SIU: A Million-Scale Structural Small Molecule-Protein Interaction Dataset for Unbiased Bioactivity Prediction

download the dataset

dataset is available at huggingface dataset repo

Please download and unzip all files

it should contains:

gnn_cnn_data.zip

The dataset used to train gnn and cnn-3d model.

split_60.zip

The dataset used to train Uni-Mol or ProFSA model for the SIU 0.6 version. It contains train.lmdb, valid.lmdb and test.lmdb.

split_90.zip

The dataset used to train Uni-Mol or ProFSA model for the SIU 0.9 version. It contains train.lmdb, valid.lmdb and test.lmdb.

pretrain_weights.zip

Pretrained weights for Uni-Mol and ProFSA.

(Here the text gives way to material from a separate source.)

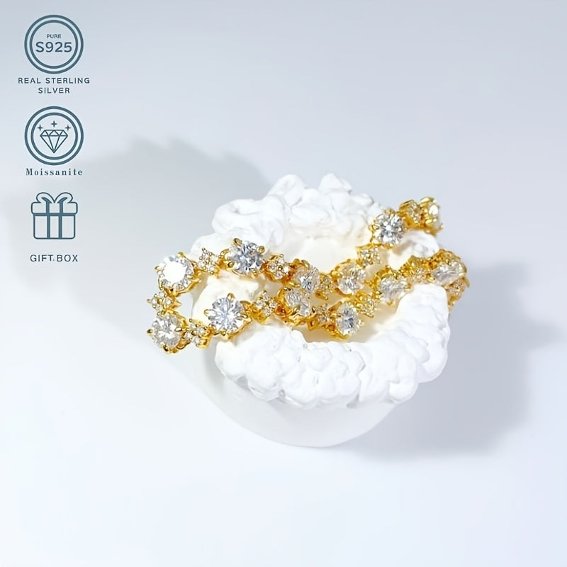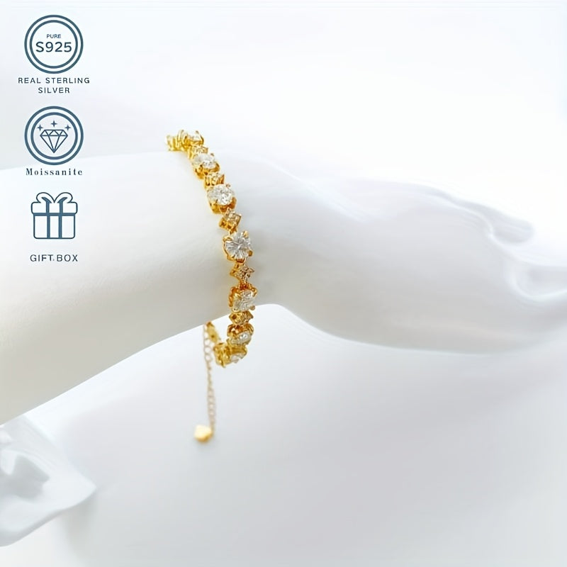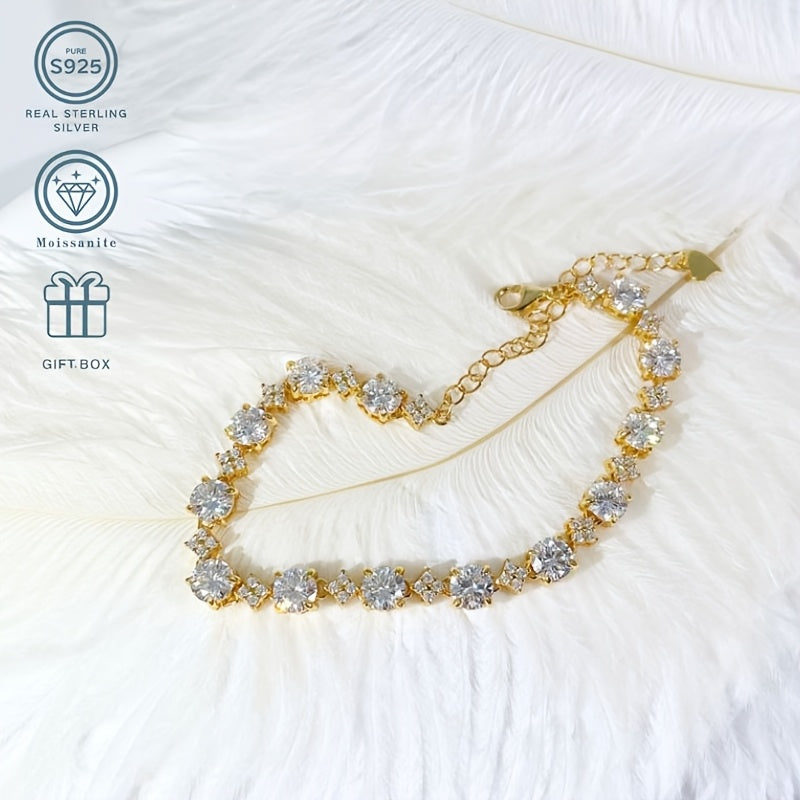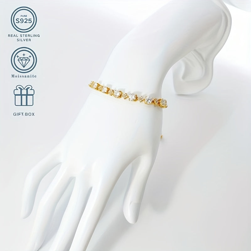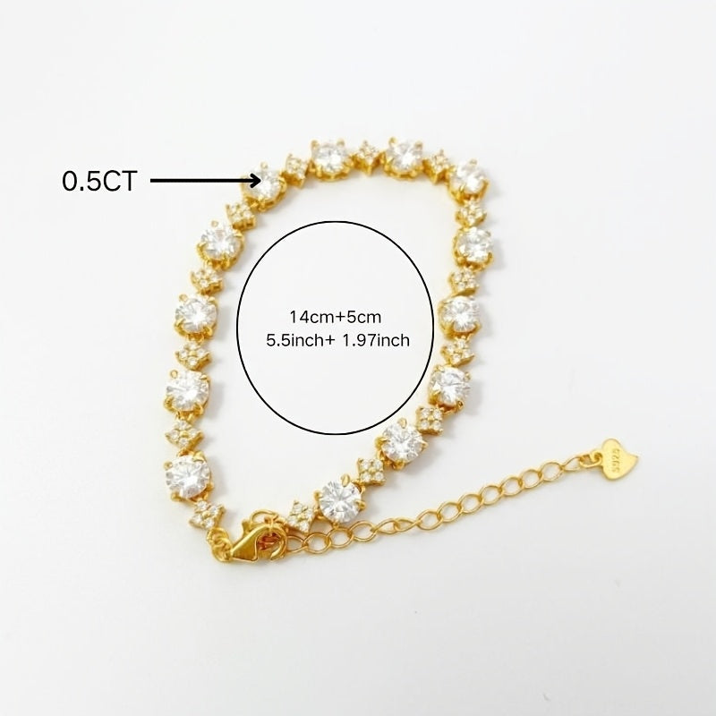 Elegant tennis bracelet set with a single 0.5CT Moissanite. Total weight approximately 6.51g. Perfect for formal occasions.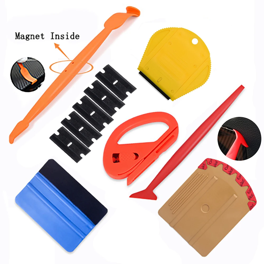 7 в 1 Набор инструментов для автомобильной упаковки: -Тонировочные инструменты для автомобилей, набор виниловой пленки для автомобилей -Снимите пузырьки прямо под пленкой, отрежьте пленку так, как вам нужна форма -Комплект скребок для окон является портативным и удобным в использовании, мягкий скребок, не царапается при эксплуатации.

profsa.pt: weights for pretrained ProFSA model

mol_pre_no_h_220816.pt: weights for pretrained Uni-Mol molecular Encoder

pocket_pre_220816.pt: weights for pretrained Uni-Mol pocketr Encoder

final_dic.pkl

Complete dataset file in pickle format

dataset format

final_dic.pkl

each key is an UniProt ID

corresponding value is a list of dictionaries. Each dictionary is a data point and has following keys:

Key	Description
atoms	atom types in ligand
coordinates	list of different conformations of the ligand
pocket_atoms	atom types in pocket
pocket_coordinates	atom positions of the pocket
source_data	UniProt ID and PDB ID information
label	dictionary for assay types and assay values
ik	InChI key of the ligand
smi	SMILES notation of the ligand

Other lmdb files

All training and testing data are in lmdb format, and have the same keys as shown above.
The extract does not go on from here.